## AIM OF THE EXERCISE
Looking at the listing, state how many of its lines contain the string "Traianus". Write only the number.

## DATA PROVIDED
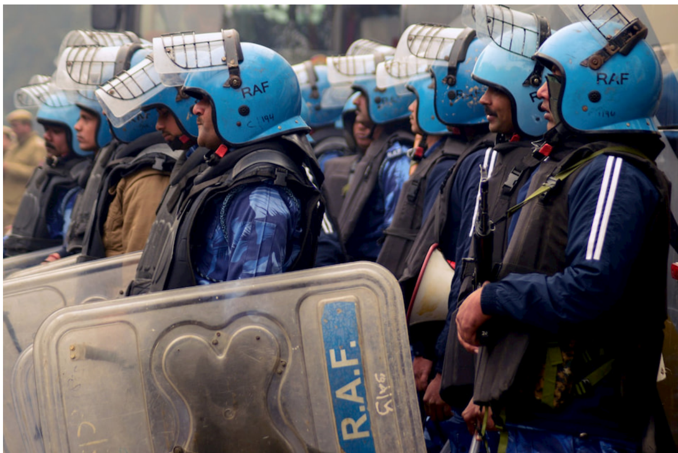
V. Arun Kumar (People's Dispatch), Fuerzas de Acción Rápida, Delhi, 19 de diciembre de 2019.

Las minorías son privadas de representación en nombre de la democracia; se da rienda suelta a la violencia en nombre de los sentimientos de la mayoría. La ciudadanía se estrecha según las definiciones de la mayoría; se le dice a la gente que acepte la cultura de la mayoría. Esto es lo que el gobierno del BJP ha hecho en India con la Ley de Ciudadanía (Enmienda) de 2019. Eso es lo que la gente rechaza.
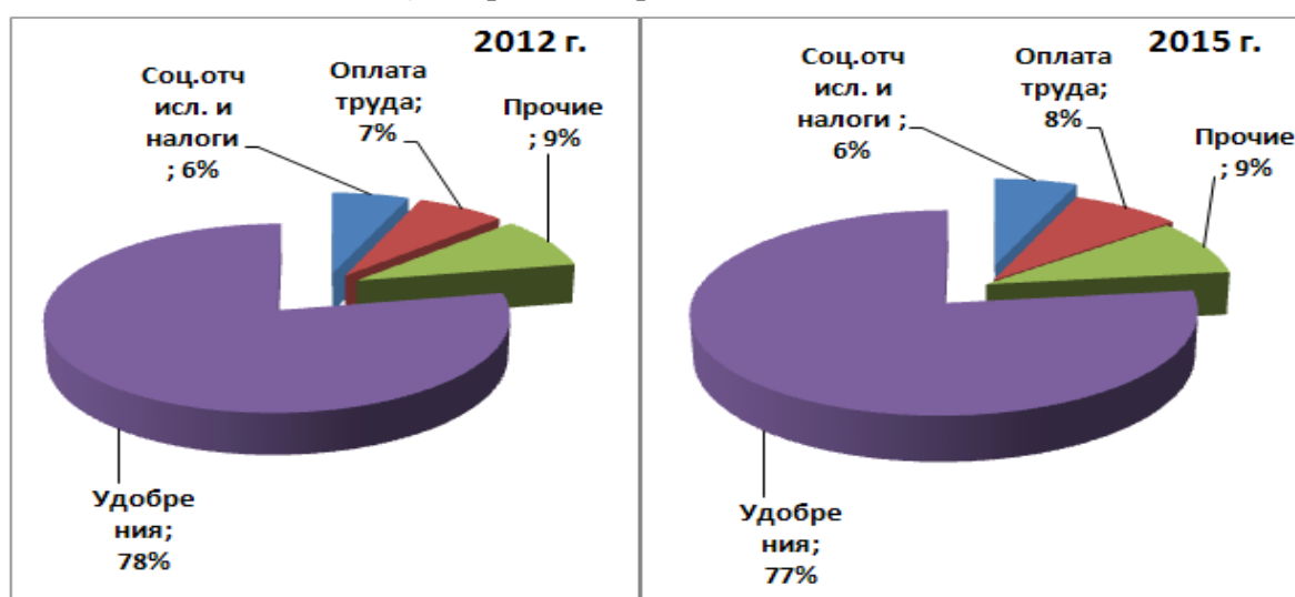
б) Затраты на производство риса
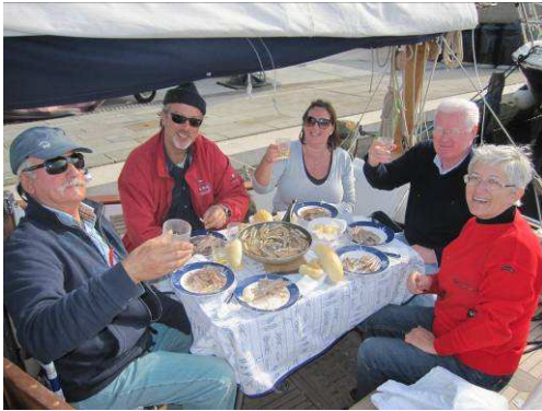
Cappe longhe e risi e zuca
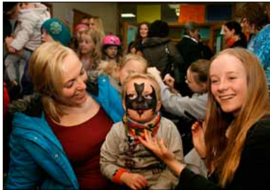
Boðið var upp á andlitsmálun.
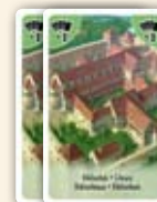
Stapel mit Bibliotheken
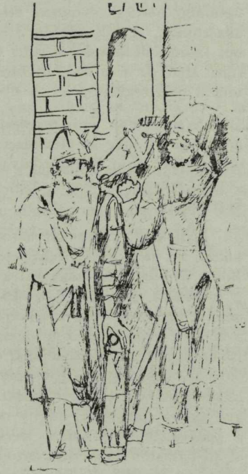
Jazig harcosok Traianus oszlopáról

A szarmaták külseje és viselete iráni eredetű népre utal. Tacitus, római történetíró feljegyezte, hogy az Al-Duna vidékén lakó basztarnákat elrutítja a szarmatákkal való keveredés. Lehetséges, hogy csak irodalmi sablonról van szó ebben az esetben, de valószínűbbnek látszik, hogy a rómaiak számára idegen, csúfnak tűnő vonások mongoloid jelleget takarnak, ugyanis többen mongoloid vonást véltek felfedezni Traianus császár diadalmi oszlopának ábrázolásain. A Konstancába száműzött Ovidius és később Claudius Claudianus azt állítják róluk, hogy a hajuk, a szakálluk szőke volt. Hajukat nem kötötték csomóba, mint a germánok, hanem hosszan leeresztve viselték. Tacitus szerint tetoválták vagy festették a bőrüket. Ruházatuk az iráni népekéhez állt a legközelebb. A parthusoknál szokásos bőszárú nadrágot hordták és nem a germánoknál elterjedt szűk – a rómaiak által – bracának nevezett nadrágot.
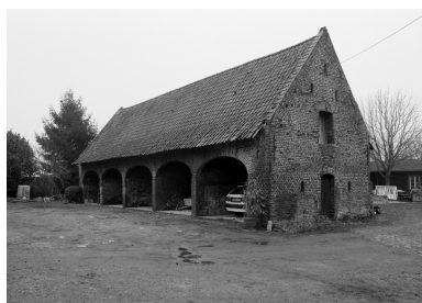
Le chartil. IVR31_20055900151X
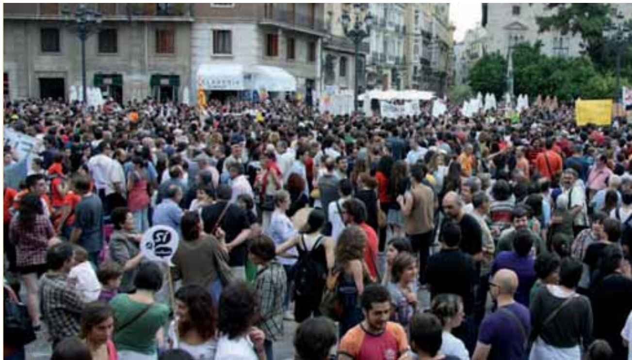
Plaça de la Mare de Déu de València, el 9 de juny
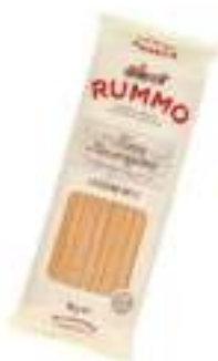
LINGUINE 13 RUMMO KG 1
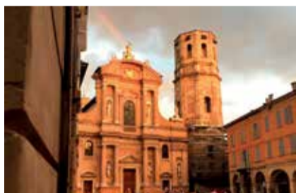
Tramonto a Reggio Emilia PIAZZA SAN PROSPERO GALLI PETRA
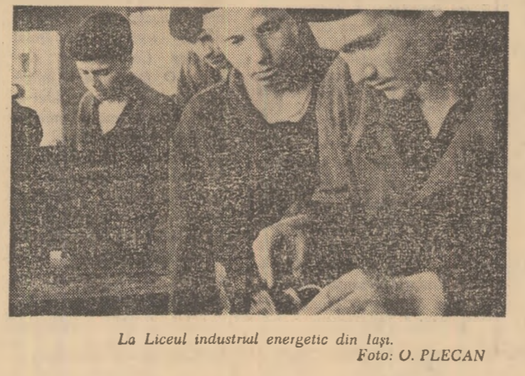
La Liceul industrial energetic din Iași.
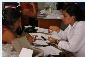
Estudiantes de Medicina al momento de levantar el diagnóstico de salud de los habitantes del Municipio.
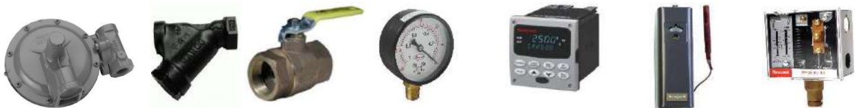
Regulador de gas
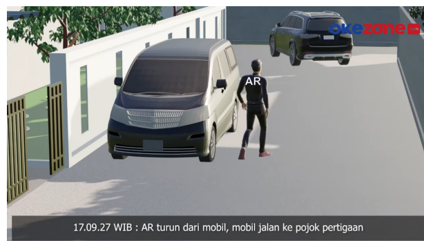
Gambar 4. Contoh Penggunaan Ilustrasi.

Fitur-fitur ini digunakan untuk menjelaskan dengan jelas dan mudah bagaimana program Jasa Raharja membantu pelanggan mereka dan meningkatkan minat masyarakat, terutama di antara mereka yang tidak terbiasa dengan program ini. Animasi digunakan untuk meningkatkan alur narasi dengan menampilkan gambar yang jelas sehingga penonton dapat memahaminya. Narasi atau penjelasan audio digunakan untuk membantu pemirsa memahami animasi. Grafik juga digunakan untuk mengilustrasikan kejadian seperti bunuh diri, pembunuhan, penganiayaan, dan reka ulang yang tidak dapat dilihat. Kejadian-kejadian ini mencegah media untuk menampilkan foto tanpa filter. Menurut Pasal 4 Kode Etik Jurnalistik Persatuan Wartawan Indonesia tahun 2006, wartawan tidak boleh menyebarkan berita bohong, fitnah, sadis, dan cabul (Biu, Wutun & Nafie, 2022)
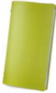
Verde 1,2 mm
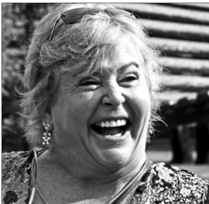
Натали Ванамейкер Хавьер

## COMPLETED TASK
2